The healthcare system of Canada belongs to the world’s best-developed and most effective. Due to it, the patients have equal access to medical assistance and live long; in addition, it continues improving to adapt to their needs. Although one would argue that the system has particular disadvantages, the statistics show that it performs at a sufficiently high level to protect and maintain the health of the population.

The main drawback presumably is waiting durably for elective care. However, as Martin et al. (2018) highlight, this emerges from the underlying postulate of equality. The key determinant of access to medical assistance in Canada is need, regardless of the patient’s ability to pay.
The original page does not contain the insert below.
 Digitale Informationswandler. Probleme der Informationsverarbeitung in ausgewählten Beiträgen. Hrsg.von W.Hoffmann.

This leads naturally to queuing, as it is impossible to provide the necessary procedures to everybody at once, but common affordability outbalances the time limitations.
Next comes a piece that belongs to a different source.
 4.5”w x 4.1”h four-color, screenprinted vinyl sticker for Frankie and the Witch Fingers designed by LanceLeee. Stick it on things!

In one respect, waiting for medical assistance, including surgery, hypothetically threatens life expectancy. Thus, Sutherland et al. (2016) describe anxieties, depressions, and pain-related problems as the results of such situations that can exhaust the patients. In fact, however, Canadians live longer than the population of other developed countries. Around 2005, their average lifetime equaled 79 years, exceeding 76 in the USA and approximately 77 in Western Europe (Mackenbach, 2013, pp. 137-138; Montez et al., 2020, p. 673; Storch, 2005, p. 417). Since then, Canada has remained one of the leaders, while the upward trends in the other locations have been unstable.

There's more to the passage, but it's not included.